The purified MucB protein allowed us to examine the possibilities that it interacts with other proteins involved in the mutagenesis process and with DNA. For this purpose, we used SPR method. The SPR analysis is widely used for real time and label free monitoring of biomolecular interactions, and is particularly useful for rapid and sensitive characterization of protein-protein and protein-DNA interactions [49,50,51,52]. From the protein-to-protein interaction studies, we observed that the purified MucB protein interacted with both MucA’ and RecA proteins (Fig. 4). This well corresponds to the interaction of MucA’ and MucB demonstrated by the two-hybrid system [29] and the behavior of its homologue UmuC, which is known to form complex with UmuD’ [14, 30]. The UmuC protein also interacted with RecA* immobilized on an affinity column [19] although the possibility that such an interaction could have been mediated through a third protein was not ruled out. In contrast to our finding, no interaction was found between MucB and RecA in the two-hybrid system [29]. Given the differences in the affinities between MucB and RecA versus MucA’ it is possible that the relatively low sensitivity and nature of the in vivo yeast two-hybrid system assay, compared to our in vitro BIAcore assay, do not simply allow efficient detection of the relatively weak interaction between MucB and RecA proteins.

Given the fact that UmuD’C proteins constitute a new DNA polymerase, i.e. DNA Pol V, and the close sequence as well as phenotypic similarities between the UmuD’C and MucA’B proteins, it is not surprising that the MucA’B proteins also constitute DNA replicative enzyme [53]. DNA polymerases as well as other enzymes involved in DNA metabolism are known to interact with the “sliding clamps” β subunit of DNA polymerase III in E. coli or PCNA in eukaryotes.
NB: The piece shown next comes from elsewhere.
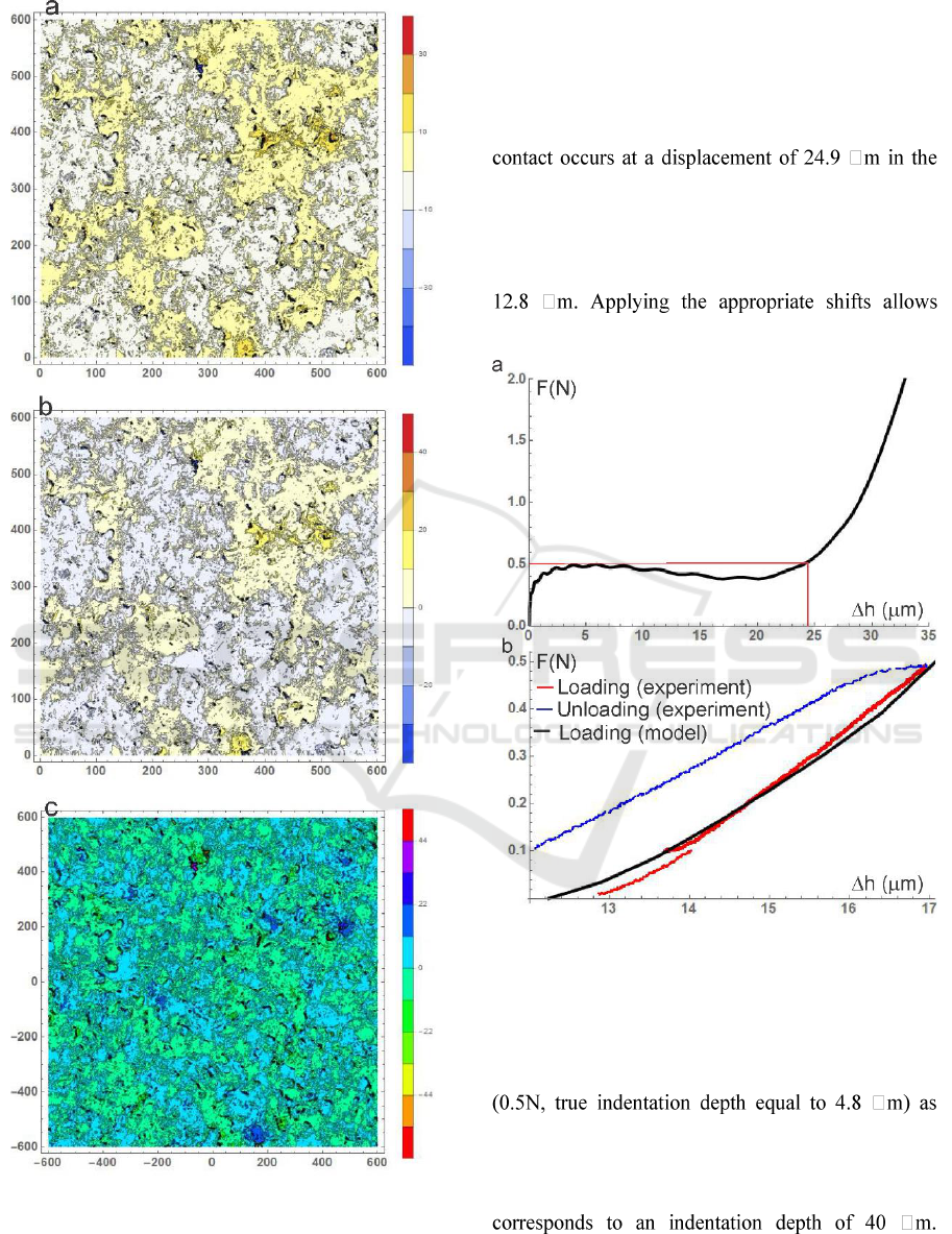 model at an indentation depth of

Because the β,γ complex has been reported to be necessary for the DNA polymerization activity of Pol V [54] we examined whether the MucA’ and MucB proteins interact with the β subunit.
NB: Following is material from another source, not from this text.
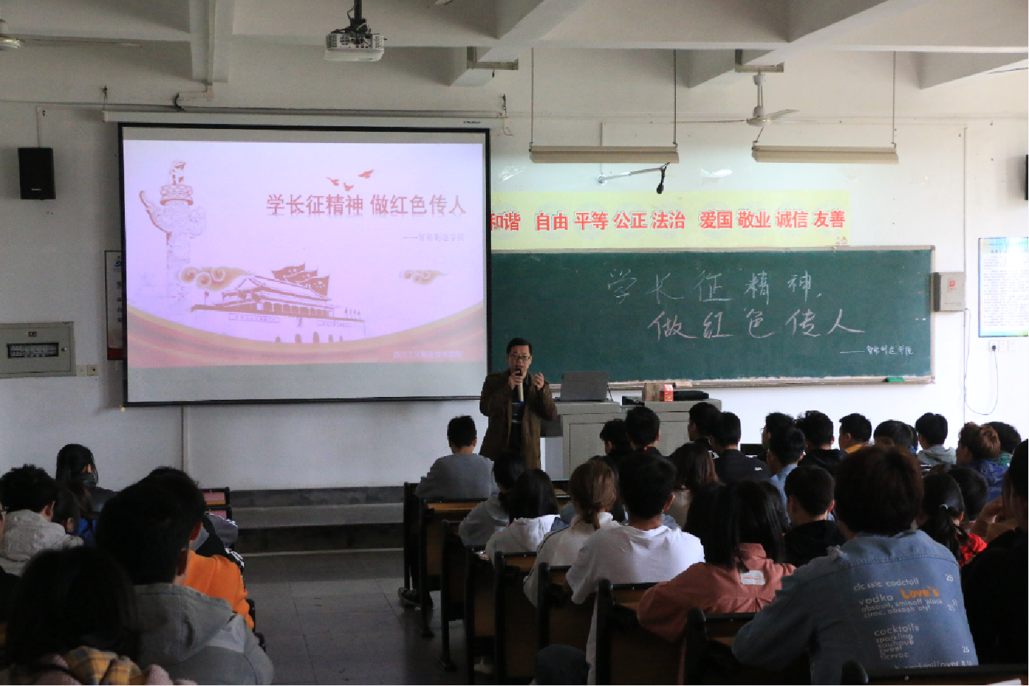 近日,智能制造学院在实A106举行“学长征精神,做红色传人”学习讲座,本次讲座由智能制造学院彭毅副院长主讲,智能制造学院全体入党积极分子、党员、青马班成员及学生会干部参加讲座。

The β subunit of DNA polymerase III forms a homodimer with a toroidal structure [55], and tethers the polymerase to template DNA [56,57,58]. The presence of β subunit significantly increases the processivity of DNA polymerase III in E. coli. Interestingly, the SPR analysis indicated that the MucB protein interacts with β subunit of DNA polymerase (Fig. 4). The KD value for the interaction was even smaller than that for the interaction between MucB and MucA’ (Table 1). Based on the results that MucB interacts with β subunit, we assume that MucA’B is at first targeted to ssDNA region close to a DNA lesion by binding to RecA; then it is transferred from RecA to β subunit when the DNA polymerase III dissociates from it at the damaged DNA region. We prefer the possibility that MucA’B is guided to the ssDNA region by binding to RecA rather than by directly binding to β subunit because the number of molecules per cell is about 80,000 for RecA when SOS is induced [59] and about 300 for β subunit [60]. However, we can not rule out the possibility that β subunit once bound to MucA’B might be recycled and slide along dsDNA until it encounters a ssDNA gap generated by the DNA polymerase III stalled at a replication blocking lesion.
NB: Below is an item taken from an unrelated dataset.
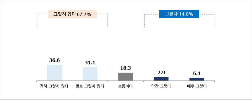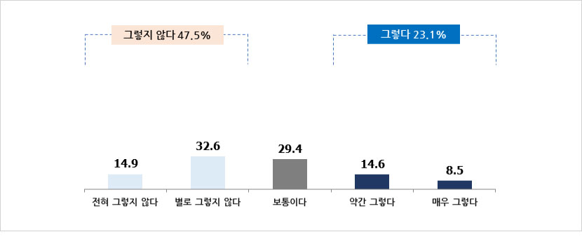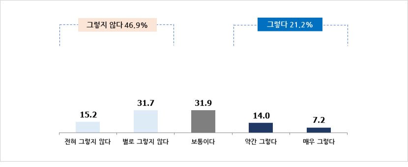 - ‘보통’은 31.9%, ‘그렇다(매우 그렇다 7.2% + 약간 그렇다 14.0%)’는 21.2%로 조사됨

PCNA, an eukaryotic counterpart of β subunit, is a trimer with a toroidal structure and increases the processivity of mammalian DNA polymerases δ and enhances the activity of DNA polymerase ε [61]. Because of the structural similarity between eukaryotic PCNA and the β subunit of E. coli, it is tempting to speculate that MucB might bind to PCNA as well. If so, the expression of MucA’B or MucAB could increase the ability for translesion DNA synthesis or the ability to promote mutagenesis in eukaryotic cells. Interestingly, it is reported that the introduction of mRNAs of MucA’B and UmuD’C enhances translesion DNA synthesis in Xenopus oocytes and oocyte nuclear extracts [62], and mucAB operon can stimulate mutagenesis in Saccharomyces serevisiae [63]. PCNA acts not only as a sliding clamp to increase the processivity but also as a modulator of cell cycle by interacting with other proteins such as cyclins, cyclin dependent kinases, FEN-1, Gadd45 and p21 [61]. In this respect, the report by Tosu and Tanooka [64] that the expression of mucAB induces cell transformation of Balb 3 T3 cells seems to be interesting.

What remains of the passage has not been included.